◆ **WORK TO BE COMPLETED**:
Line by line, return the listing exactly, without any of the images.

◆ **AVAILABLE DATA**:
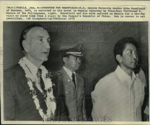 1975 Press Photo Senator Mansfield escorted to Manila hotel by President Marcos
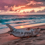 A picture of a breathtaking sunset at the beach, with a beautiful blue sky glowing with sunset colors. and beautiful english handwriting for this phrase^^Believe in yourself^^
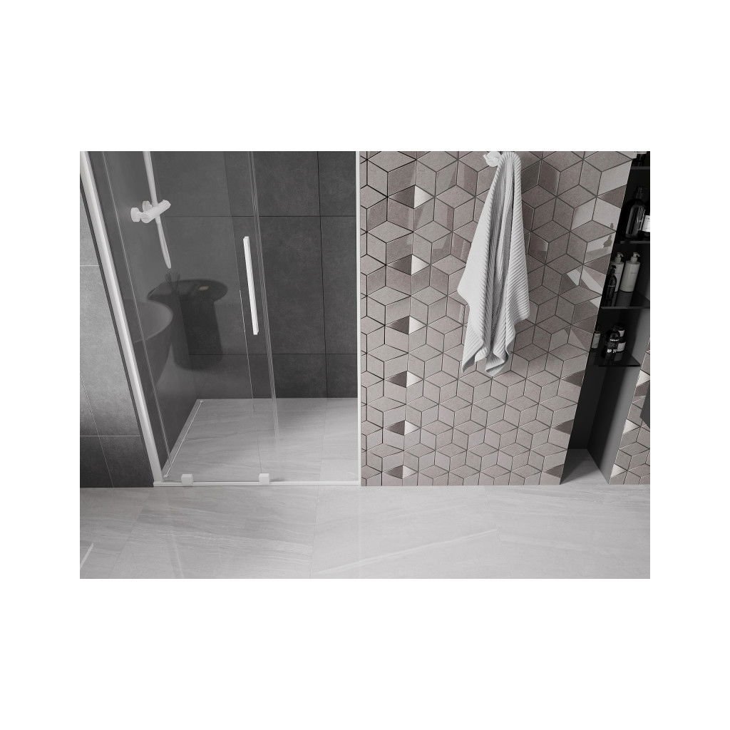 Mexen Velar, posuvné dvere do otvoru 120x200 cm, 8mm číre sklo, biely profil, 871-120-000-01-20
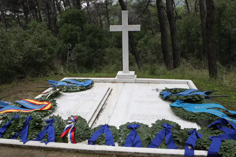 La tumba del rey Pablo de Grecia, padre de la Reina Sofía, junto a la de su mujer, Federica de Grecia, situada en los alrededores del Palacio de Tatoi, en el norte de Atenas, donde descansan los miembros de la familia real del país mediterráneo.

◆ **COMPLETED TASK**:
 1975 Press Photo Senator Mansfield escorted to Manila hotel by President Marcos
 A picture of a breathtaking sunset at the beach, with a beautiful blue sky glowing with sunset colors. and beautiful english handwriting for this phrase^^Believe in yourself^^
 Mexen Velar, posuvné dvere do otvoru 120x200 cm, 8mm číre sklo, biely profil, 871-120-000-01-20
 La tumba del rey Pablo de Grecia, padre de la Reina Sofía, junto a la de su mujer, Federica de Grecia, situada en los alrededores del Palacio de Tatoi, en el norte de Atenas, donde descansan los miembros de la familia real del país mediterráneo.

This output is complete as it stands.